Although the data below contains pictures, output only the lines between those holding "Karin‘s square card" and "الدرجة العلمية : بكالوريوس", inclusive, exactly and without those pictures.

EXERCISE INPUT
**********
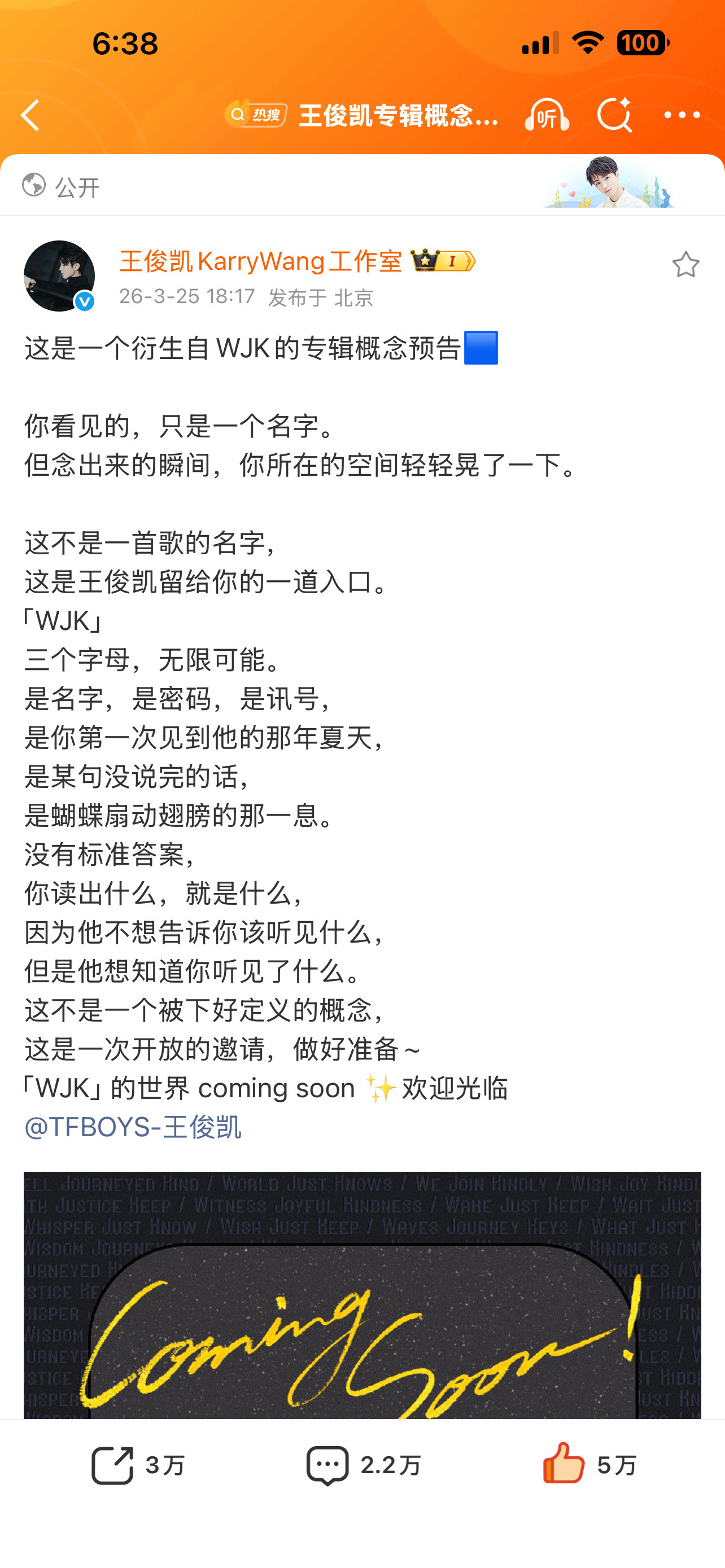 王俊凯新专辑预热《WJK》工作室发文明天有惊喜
**********
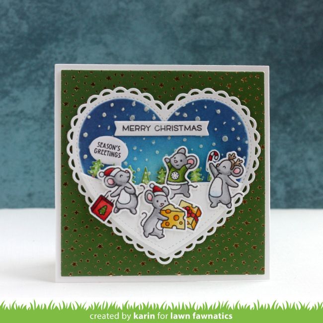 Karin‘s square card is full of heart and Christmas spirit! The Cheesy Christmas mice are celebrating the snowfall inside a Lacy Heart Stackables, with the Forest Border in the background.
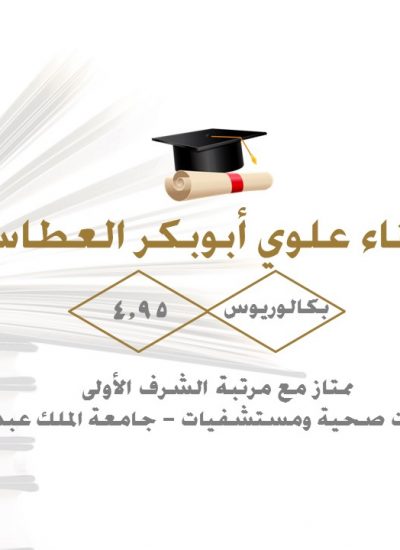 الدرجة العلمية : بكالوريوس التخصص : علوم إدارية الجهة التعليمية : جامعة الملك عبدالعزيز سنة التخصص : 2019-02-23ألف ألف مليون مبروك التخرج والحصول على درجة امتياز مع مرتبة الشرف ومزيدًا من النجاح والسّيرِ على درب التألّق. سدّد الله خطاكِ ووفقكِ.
**********
EXPECTED ANSWER
 Karin‘s square card is full of heart and Christmas spirit! The Cheesy Christmas mice are celebrating the snowfall inside a Lacy Heart Stackables, with the Forest Border in the background.
 الدرجة العلمية : بكالوريوس التخصص : علوم إدارية الجهة التعليمية : جامعة الملك عبدالعزيز سنة التخصص : 2019-02-23ألف ألف مليون مبروك التخرج والحصول على درجة امتياز مع مرتبة الشرف ومزيدًا من النجاح والسّيرِ على درب التألّق. سدّد الله خطاكِ ووفقكِ.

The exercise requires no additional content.